Start of PROVIDED RECORDS

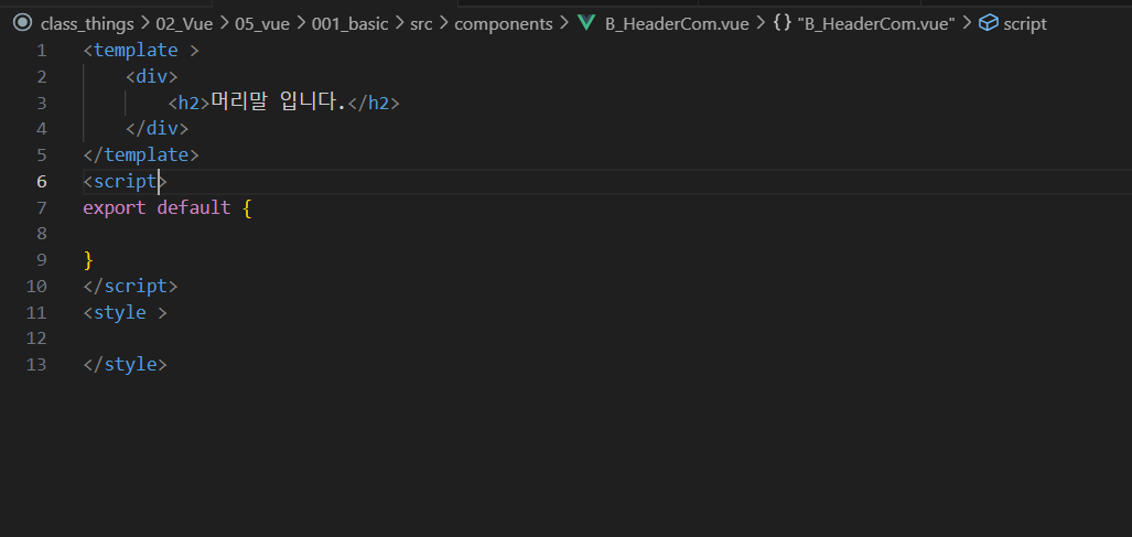 시작은 component폴더에 파일을 만들고 템플릿을 만드는 것으로한다.
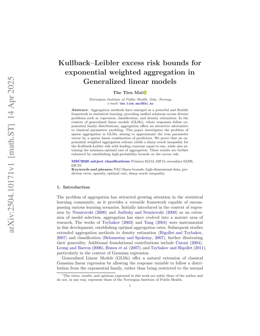 Kullback-Leibler excess risk bounds for exponential weighted aggregation in Generalized linear models
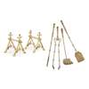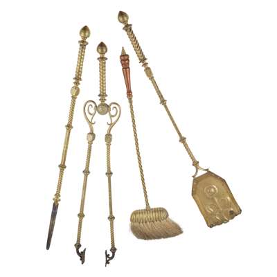 stamped maker's marks, 23cm high; and a SET OF THREE AESTHETIC MOVEMENT BRASS FIRE IRONS BY BENHAM & FROUD, CIRCA 1880, comprising a POKER, 76cm long; COAL TONGS, 74.5cm long; and an ASH SHOVEL, 76cm long; together with an ASSOCIATED BRUSH, 64 cm long, stamped maker's marks and date lozenge for October 1880
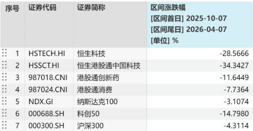 近6个月以来,受美伊冲突反复和外卖大战、前期涨幅显著等因素综合影响,港股科技、港股创新药、港股消费集体承压。恒生科技ETF汇添富(513260)标的指数回调超28%,港股通科技ETF汇添富(520980)标的指数回调超34%,跌幅远超科创50、纳斯达克100、沪深300等市场主流指数。
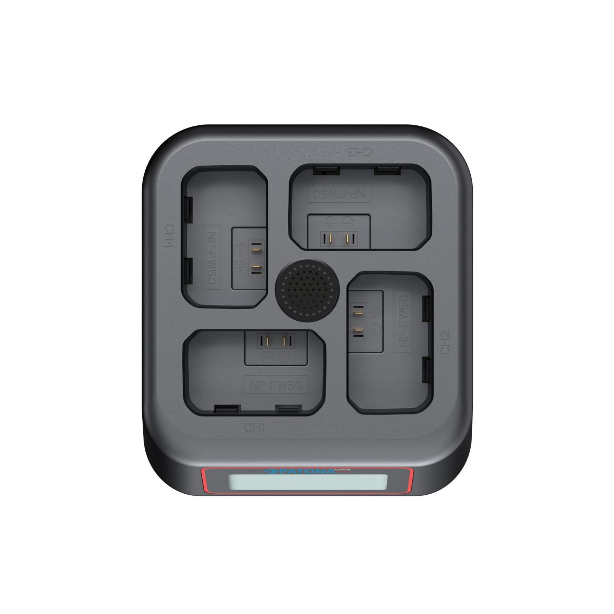 Das Ladegerät ermöglicht das gleichzeitige Laden von bis zu vier Sony NP-FW50 Akkus. Die parallele Ladefunktion sorgt für eine effiziente Energieversorgung mehrerer Akkus und reduziert Ladezeiten im Vergleich zu Einzel-Ladegeräten.
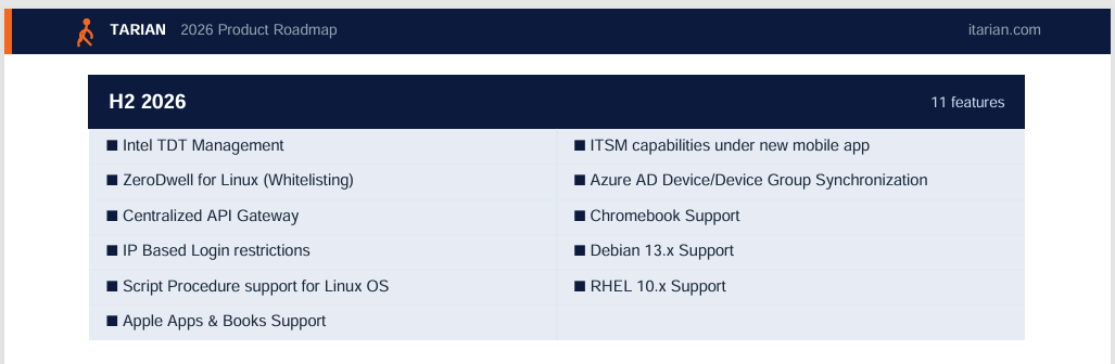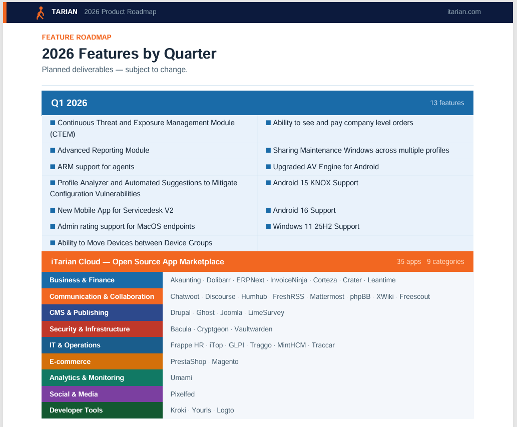 2026 is a big year for us. iTarian already gives you a powerful, unified platform — RMM, endpoint security, MDM, ticketing, remote access, and more. This year we’re focused on making it significantly deeper, smarter, and more capable across every one of those areas.

End of PROVIDED RECORDS

Exclude the pictures. Write out the remaining data exactly.

 시작은 component폴더에 파일을 만들고 템플릿을 만드는 것으로한다.
 Kullback-Leibler excess risk bounds for exponential weighted aggregation in Generalized linear models
 stamped maker's marks, 23cm high; and a SET OF THREE AESTHETIC MOVEMENT BRASS FIRE IRONS BY BENHAM & FROUD, CIRCA 1880, comprising a POKER, 76cm long; COAL TONGS, 74.5cm long; and an ASH SHOVEL, 76cm long; together with an ASSOCIATED BRUSH, 64 cm long, stamped maker's marks and date lozenge for October 1880
 近6个月以来,受美伊冲突反复和外卖大战、前期涨幅显著等因素综合影响,港股科技、港股创新药、港股消费集体承压。恒生科技ETF汇添富(513260)标的指数回调超28%,港股通科技ETF汇添富(520980)标的指数回调超34%,跌幅远超科创50、纳斯达克100、沪深300等市场主流指数。
 Das Ladegerät ermöglicht das gleichzeitige Laden von bis zu vier Sony NP-FW50 Akkus. Die parallele Ladefunktion sorgt für eine effiziente Energieversorgung mehrerer Akkus und reduziert Ladezeiten im Vergleich zu Einzel-Ladegeräten.
 2026 is a big year for us. iTarian already gives you a powerful, unified platform — RMM, endpoint security, MDM, ticketing, remote access, and more. This year we’re focused on making it significantly deeper, smarter, and more capable across every one of those areas.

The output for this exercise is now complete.